We are going to create 5 sets of 5 entries each entry will have 2 values (Date, Hashtag). To find out how to generate these values see TATR Tokenization and Extraction. 

To do so we will used 1 functions to help create the Date
* pd.Timestamp(Some date format) : Which turns the input into a date 
* np.random.randint(range, how many) : Creates a random integer from 0 to range for the declared amount

### Note:

We will be randomly assigning hashtags to each date. Therefore it is possible your results will be different each time.

In [106]:
# Setup empty dataframe
DummyDataframe = pd.DataFrame(columns=['Date', 'Hashtag'])

# Setup 5 different dates
dummyDates = [ pd.Timestamp('20180101'),  pd.Timestamp('20180201'),  pd.Timestamp('20180301')]

# List of hashtag we are going to use
dummyHashtags = ["Twitter","New2018", "JupyterLearning", "TwitterApp", "GenericTwitterNews"]

# Create 15 entries and assigning a random amount of hashtags to it
for i in range(15):
    DummyDataframe.loc[i] = [dummyDates[i % 3], [dummyHashtags[x] for x in range(np.random.randint(5))] ]
    
# See what the dataframe looks like
DummyDataframe

Unnamed: 0,Date,Hashtag
0,2018-01-01,[Twitter]
1,2018-02-01,"[Twitter, New2018]"
2,2018-03-01,"[Twitter, New2018]"
3,2018-01-01,"[Twitter, New2018, JupyterLearning]"
4,2018-02-01,"[Twitter, New2018, JupyterLearning]"
5,2018-03-01,"[Twitter, New2018]"
6,2018-01-01,[Twitter]
7,2018-02-01,[Twitter]
8,2018-03-01,[Twitter]
9,2018-01-01,"[Twitter, New2018, JupyterLearning, TwitterApp]"

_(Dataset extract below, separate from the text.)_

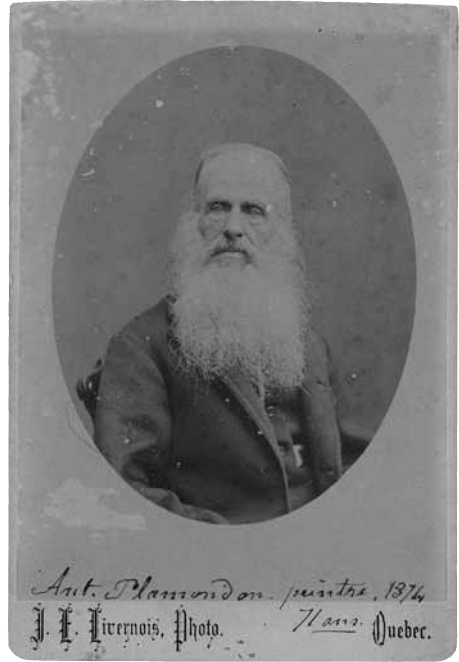
Antoine Plamondon photographié par J.-E. Livernois en 1874. Albumine argentique, papier collé sur carton (16,1 X 11 cm.) (Musée national des Beaux-Arts du Québec, achat 2005.15)

En dépit de ses études et de sa pratique, Plamondon manifeste peu d'intérêt intellectuel. Il ne se départit jamais d'une pensée royaliste et conservatrice qu'il développe lors de son séjour en France sous Charles X. Ses textes suggèrent une méconnaissance de la langue au service d'un style souvent ampoulé, d'un ton qui affiche sa supériorité et un tempérament égocentrique.

Agian similar to t previous notebook (TATR: Graphing) we are going to sort the dates (mostly so it is more readable for us). In addition we are going to take all the hashtags of each date and collapse them into a larger list.

In [107]:
# Set index to Date
DummyDataframe = DummyDataframe.set_index("Date")

# Group by date and then sum (add together) all the hashtag of a single date
DummyDataframe = DummyDataframe[["Hashtag"]].groupby('Date').agg({'Hashtag': 'sum'})

# Look at the data
DummyDataframe

Unnamed: 0_level_0,Hashtag
Date,Unnamed: 1_level_1
2018-01-01,"[Twitter, Twitter, New2018, JupyterLearning, T..."
2018-02-01,"[Twitter, New2018, Twitter, New2018, JupyterLe..."
2018-03-01,"[Twitter, New2018, Twitter, New2018, Twitter, ..."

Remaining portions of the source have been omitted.